A República Italiana alega que o artigo 2° da Sexta Directiva em matéria de IVA não é contrário ao artigo 95.° do Tratado, uma vez que o artigo 15.° da referida directiva prevê um regime de isenção das operações de exportação, tendente a evitar as duplas tributações. Uma vez que o acórdão de 5 de Maio de 1982, Gaston Schul I, já referido, introduz uma excepção à regra fixada pelo artigo 15.°, compete ao legislador comunitário modificar a regulamentação comunitária a fim de dar cumprimento ao acórdão do Tribunal de Justiça. Segundo a República Italiana, é singular que a Comissão mantenha a sua acção judicial, já que o incumprimento é imputável à omissão do legislador comunitário.
VI — Documentos entregues pela Comissão
A Comissão fez entrega no Tribunal de Justiça de documentos relativos a um diferendo que opõe um nacional italiano à administração das alfândegas italiana, a propósito da tributação em IVA aquando da importação para Itália de um veículo adquirido por esse particular em França.
Resulta desses documentos que o nacional italiano em causa importou para Itália um veículo para o ceder aos seus filhos, alguns dias após tê-lo comprado em França.
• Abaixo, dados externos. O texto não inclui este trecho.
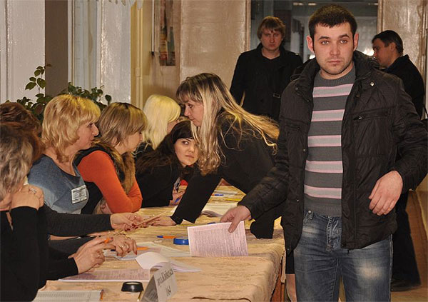 На всіх виборчих дільницях "своєю" для них була член комісії, представник провладного або "технічного" кандидата, одягнута в синього кольору вбрання. Тому не дивний для мене збіг обставин виявився у тому, що всі вони підходили до одного й того ж столика і брали бюлетень для голосування саме у неї.
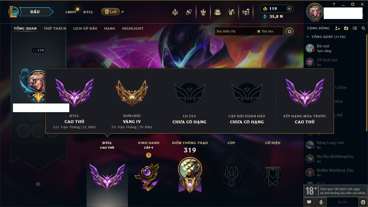Rank Đơn: Vàng IVKhung: BạcTướng: 171 - Còn 35874 THXTrang Phục: 172Rank ĐTCL: Rank Cao ThủLinh Thú: 261

Aquando da compra do veículo, pagou IVA à taxa de 25 %. Aquando da importação para Itália, pagou novamente IVA, agora à taxa de 19 %. A conselho das autoridades francesas, dirigiu-se à administração das alfândegas italiana a fim de obter o reembolso do IVA pago aquando da importação.
Em resposta a este pedido, o chefe da circunscrição aduaneira italiana competente realça que a Comissão recomendou que qualquer imposto aplicado no momento da importação de um bem proveniente de outro Estado-membro tome em consideração o IVA já pago sobre esse bem. Esclarece, no entanto, que a administração central parece não ter seguido esta recomendação adoptando disposições formais aplicáveis para esse efeito, e que os acórdãos do Tribunal de Justiça de 5 de Maio de 1982, Gaston Schul I, e de 21 de Maio de 1985, Gaston Schul II, já referidos, em que se se baseou a recomendação da Comissão, não parecem directamente aplicáveis por analogia ao caso vertente. Considera, por consequência, que não estão reunidas as condições para a concessão de isenção do IVA aquando da importação, embora indique, no entanto, que o requerente pode queixar-se à Comissão da não aplicação da sua recomendação.
A República Italiana não apresentou observações sobre os documentos apresentados pela Comissão.
T. F. O'Higgins
Juiz-relator
( *1 ) Lingua do processo: italiano.
( 1 ) Ver os acórdãos do Tribunal de Justiça de 27 de Fevereiro de 1980, Comissão/França, Comissão/Itália e Comissão/-Dinamarca (168/78, 169/78 e 171/78, Recueil, p. 347, 385 e 447).
( *2 ) Tradução provisória.
( 2 ) Proposta de décima sexta directiva do Conselho relativa à harmonização das legislações dos Estados-membros respeitantes aos impostos sobre o volume de negócios — Sistema comum do imposto sobre o valor acrescentado: regime comum aplicável a certos bens definitivamente tributados em imposto sobre o valor acrescentado, importados por um consumidor final de um Estado-membro em proveniência de outro Estado-membro [TO 1984, C 226, p. 2 (proposta original), e JO 1986, C 96, p. 5 (proposta alterada].
( 3 ) Ver, nomeadamente, o acórdão de 27 de Fevereiro de 1980 proferido no processo 171/78, já refendo.
( 4 ) Ver, nomeadamente, o acórdão de 15 de Outubro de 1986, Comissão/República Italiana (168/85, Colect., p. 2945).